Uno dei più grandi colpevoli è la struttura dei nostri programmi scolastici. Mentre il mondo fuori dalle aule corre verso l’intelligenza artificiale e la globalizzazione, i nostri piani di studio sembrano spesso ancorati a un passato che non esiste più, sovraccaricando gli studenti di nozioni che raramente troveranno applicazione pratica. Le materie vengono insegnate a compartimenti stagni, impedendo agli studenti di cogliere le connessioni. La realtà, però, non è divisa in materie. Affrontare un problema complesso richiede di saper collegare ambiti diversi, una capacità che la nostra scuola, con la sua rigida separazione tra discipline, non incoraggia a sufficienza. Il risultato di questa disconnessione è drammatico. L’Italia detiene il triste primato europeo per numero di NEET (Not in Education, Employment, or Training), con una percentuale che nel 2024 si attesta al 15,2% dei giovani tra 15 e 29 anni, ben al di sopra della media UE dell’11,2%. Questi ragazzi, persi in un limbo di inattività, sono il sintomo più evidente di un sistema che non riesce a creare un ponte solido tra l’istruzione e il futuro.2

Una proposta concreta: insegnare a pensare, non solo a sapere

È necessario immaginare una scuola diversa, più giusta ed efficace. La soluzione non è “studiare di meno”, ma “studiare meglio”, spostando il focus dalla quantità di nozioni alla qualità delle competenze. Ecco alcune proposte:

1.  Apprendimento Basato sui Progetti (Project-Based Learning): Invece di memorizzare capitoli, gli studenti dovrebbero lavorare su problemi reali. Immaginiamo una classe che, invece di studiare la Rivoluzione Industriale, debba creare un podcast che ne spieghi l’impatto sulla società odierna. Questo approccio costringe a ricercare, collaborare e sviluppare pensiero critico, facilitando la comprensione degli argomenti e, di conseguenza, la memorizzazione a lungo termine. 

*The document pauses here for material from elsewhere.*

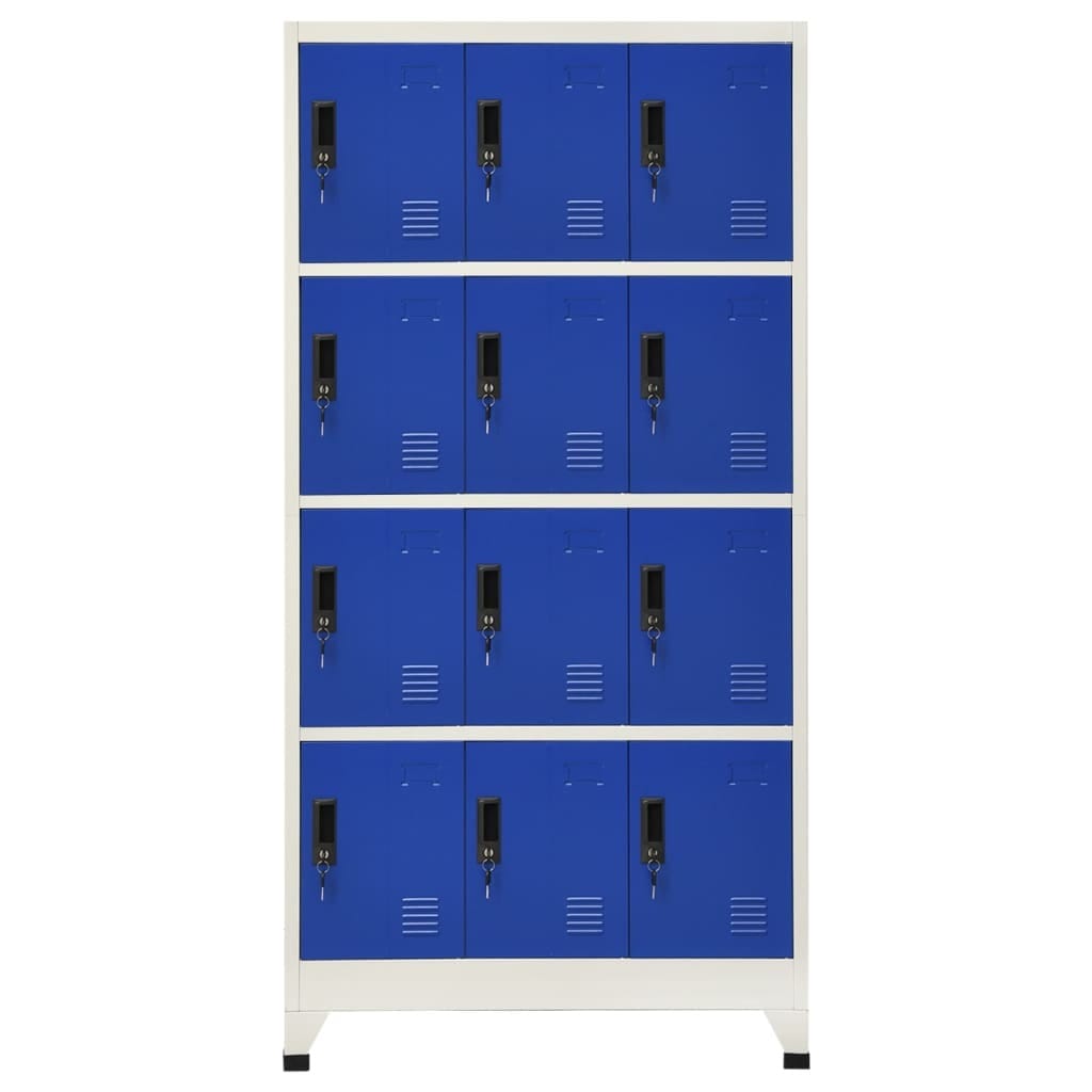 Locker Cabinet Grey and Blue Steel Large Modern Locks

2.  Introdurre le Competenze per la Vita: l’Unione Europea da anni insiste sull’importanza di competenze chiave come il “problem solving”, la “comunicazione efficace” e lo “spirito di iniziativa”. È ora di dedicare ore strutturate a public speaking, educazione finanziaria e intelligenza emotiva. Saper gestire le proprie finanze o presentare un’idea in pubblico è tanto fondamentale quanto conoscere le leggi della fisica.

3.  Una Valutazione che Aiuta a Crescere: l’errore non dovrebbe essere un fallimento da punire con un’insufficienza, ma un’opportunità di apprendimento. Serve una valutazione “formativa”, basata su feedback costanti che aiutino lo studente a capire dove migliorare, trasformando il voto da giudizio finale a strumento di dialogo.

Continuare a difendere un sistema che produce lacune e demotivazione è un lusso che non possiamo più permetterci. Formare menti critiche, creative e flessibili non è un’utopia, ma una necessità per affrontare le sfide di un futuro sempre più complesso. Riformare la scuola significa investire sulle persone, non solo sui programmi. È una sfida difficile, ma è la più importante che abbiamo di fronte, perché in gioco c’è il futuro del nostro Paese.